After its failed efforts to impose a low carbon fuel standard (LCFS) across the state during the last two legislative sessions, the Puget Sound Clean Air Agency (PSCAA) is now considering a LCFS that would only apply to King, Pierce, Snohomish and Kitsap counties. Some industry observers say the regional draft rule is intended to pressure state lawmakers into adopting a statewide LCFS program, however the agency’s own technical analysis estimating a $.22-$0.57 per gallon price increase by 2030 gives critics powerful ammunition against any potential legislative proposal.
As Association of Washington Business Government Affairs Director Mike Ennis sees it, the technical analysis vindicates warnings made about a LCFS bill introduced during this year’s legislative session based on a 2018 report about California’s LCFS by its nonpartisan Legislative Analyst’s Office (LAO). The LAO report concluded that the program had raised gas prices by $.13 and would likely raise them by $.46 by 2030.
The new analysis by PSCAA “validated everything we were saying,” Ennis said. “Wait until they have a hearing on the statewide version next session. We don’t have to use California’s numbers. We can use Puget Sound’s.”
PSCAA’s draft rule is intended to reduce regional carbon emissions by 25 percent below 2016 levels and 50 percent below 1990 levels by 2030. The LCFS program sets up a system in which entities that provide fuel above the limit generate deficits and must purchase credits from clean fuel providers. The agency’s draft rule goal is more ambitious than California or Oregon’s LCFS programs, as well as the legislative proposal made this year.
Although the technical analysis concluded that the “precise impact on fuel prices is difficult to predict,” Ennis says the estimated gas price increase is “ridiculous” when compared to gas tax increases to pay for highway projects. Even if the LCFS program added just $.22 to the price of gas per gallon, that would be the equivalent of four “nickel funding” packages approved by the legislature in 2003 – though the package did include an increase in gross weight fees and sales tax on cars. The $.22 increase is almost twice as much as the $.12 gas tax increase used to fund the $16 billion Connecting Washington package approved in 2015.
That added fuel costs would “provide no additional transportation infrastructure,” Ennis said. “With the gas tax you’re actually getting a return on your investment.”
The higher fuel prices may make it harder for state lawmakers to approve another gas tax package for the state transportation system, which is already underfunded by $700 million annually for maintenance and repair. Earlier this year, Senate Transportation Committee Chair Steve Hobbs (D-44) proposed a 10-year transportation package that included a $.06 gas tax increase to help pay for fish barrier removal mandated by a U.S. Court.
Although the LCFS is intended to encourage clean fuel use, Washington Trucking Association President Sheri Call told Lens that it instead discourages new technology investments.

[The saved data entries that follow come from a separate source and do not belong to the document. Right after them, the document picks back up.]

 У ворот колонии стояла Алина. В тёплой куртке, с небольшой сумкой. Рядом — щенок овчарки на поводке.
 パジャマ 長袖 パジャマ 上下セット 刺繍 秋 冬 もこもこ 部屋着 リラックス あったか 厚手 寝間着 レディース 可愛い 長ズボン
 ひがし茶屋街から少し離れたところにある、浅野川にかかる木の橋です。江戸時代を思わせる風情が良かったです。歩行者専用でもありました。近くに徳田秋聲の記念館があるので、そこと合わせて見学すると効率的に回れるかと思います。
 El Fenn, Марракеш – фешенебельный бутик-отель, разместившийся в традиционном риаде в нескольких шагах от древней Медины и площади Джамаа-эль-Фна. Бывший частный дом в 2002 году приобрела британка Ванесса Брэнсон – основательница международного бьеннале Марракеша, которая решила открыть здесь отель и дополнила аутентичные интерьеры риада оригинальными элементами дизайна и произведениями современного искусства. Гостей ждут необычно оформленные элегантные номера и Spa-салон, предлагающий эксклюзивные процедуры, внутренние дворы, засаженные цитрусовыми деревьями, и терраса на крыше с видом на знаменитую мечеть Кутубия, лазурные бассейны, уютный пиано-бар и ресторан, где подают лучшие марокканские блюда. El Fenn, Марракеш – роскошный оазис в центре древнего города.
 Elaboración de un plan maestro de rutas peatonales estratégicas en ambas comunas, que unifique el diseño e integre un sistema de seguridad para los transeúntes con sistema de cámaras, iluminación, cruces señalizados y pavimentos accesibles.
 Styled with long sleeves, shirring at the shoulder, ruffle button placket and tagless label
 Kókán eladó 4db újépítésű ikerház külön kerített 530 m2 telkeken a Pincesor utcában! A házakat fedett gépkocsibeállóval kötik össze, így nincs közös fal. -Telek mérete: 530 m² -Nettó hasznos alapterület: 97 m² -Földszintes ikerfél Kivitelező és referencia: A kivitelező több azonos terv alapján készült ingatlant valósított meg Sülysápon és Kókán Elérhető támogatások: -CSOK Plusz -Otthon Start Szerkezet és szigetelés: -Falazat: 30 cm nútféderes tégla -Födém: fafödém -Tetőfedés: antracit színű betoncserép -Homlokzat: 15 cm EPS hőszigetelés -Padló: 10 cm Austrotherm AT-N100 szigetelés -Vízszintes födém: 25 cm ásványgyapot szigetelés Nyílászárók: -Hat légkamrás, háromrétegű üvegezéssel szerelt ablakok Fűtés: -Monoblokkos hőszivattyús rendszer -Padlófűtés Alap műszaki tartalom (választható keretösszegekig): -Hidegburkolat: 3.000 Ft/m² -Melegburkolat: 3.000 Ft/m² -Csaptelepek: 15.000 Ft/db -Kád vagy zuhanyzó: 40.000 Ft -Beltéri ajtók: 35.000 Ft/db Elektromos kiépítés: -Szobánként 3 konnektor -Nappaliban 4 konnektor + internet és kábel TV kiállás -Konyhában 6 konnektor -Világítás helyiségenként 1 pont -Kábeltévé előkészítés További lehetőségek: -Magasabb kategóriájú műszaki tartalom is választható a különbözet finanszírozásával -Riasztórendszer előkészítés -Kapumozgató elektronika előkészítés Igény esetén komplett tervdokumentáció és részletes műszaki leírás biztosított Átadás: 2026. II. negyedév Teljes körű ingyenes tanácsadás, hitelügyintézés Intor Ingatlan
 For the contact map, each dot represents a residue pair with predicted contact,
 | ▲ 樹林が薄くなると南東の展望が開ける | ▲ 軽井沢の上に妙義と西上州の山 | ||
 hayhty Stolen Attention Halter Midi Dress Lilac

According to new research from the Diesel Technology Forum, near-zero-emissions diesel truck technologies now make up half the U.S. trucking fleet. Since 2007, the emission reductions as the result of this shift toward clean diesel trucks is equal to carbon emitted from all U.S. cars for 33 years. Yet, Casey Selecman with global information provider IHS Markit noted in an Oct. 22 webinar that West Coast states lag the rest of the country in adopting newer, clean fuel trucks.
“Maybe it’s regional economic policies and other things that are sort of limiting the new growth of trucks in those markets,” he said.
Call said that a LCFS would only undermine further use of this technology by creating “a whole layer of regulation. We’re on the cusp of availability for these technologies. We’re just not there yet for the heavy truck industry. Not only is there a lot of new technology in diesel fuel engines, but there is a lot of upcoming technologies for alternative fuels like electric or hydrogen.”
Washington Farm Bureau Associate Director of Government Relations Bre Elsey told Lens PSCAA’s proposal “amounts to willful negligence at this point. PSCAA’s policy is based on this premise that everyone will be switching over to an electric. But when was the last time you saw an electric tractor going down the field?”
As with the trucking industry, Elsey said the regulatory costs placed on farmers “prevent us from being a part of these new technologies. Farms are operating with little to no profit right now.”
She added the LCFS assumes industry members will adopt vehicle technology that doesn’t even exist yet. “They’ve given us a no-win situation. They presented us with a solution to go electric, which is impossible currently in our industry. That shows the profound disconnect between PSCAA and the industry around them.”
The public comment period for the draft rule is scheduled until Jan. 6. A public hearing is scheduled for Dec. 19 at the Washington State Convention Center. The agency will take action no sooner than Feb. 27.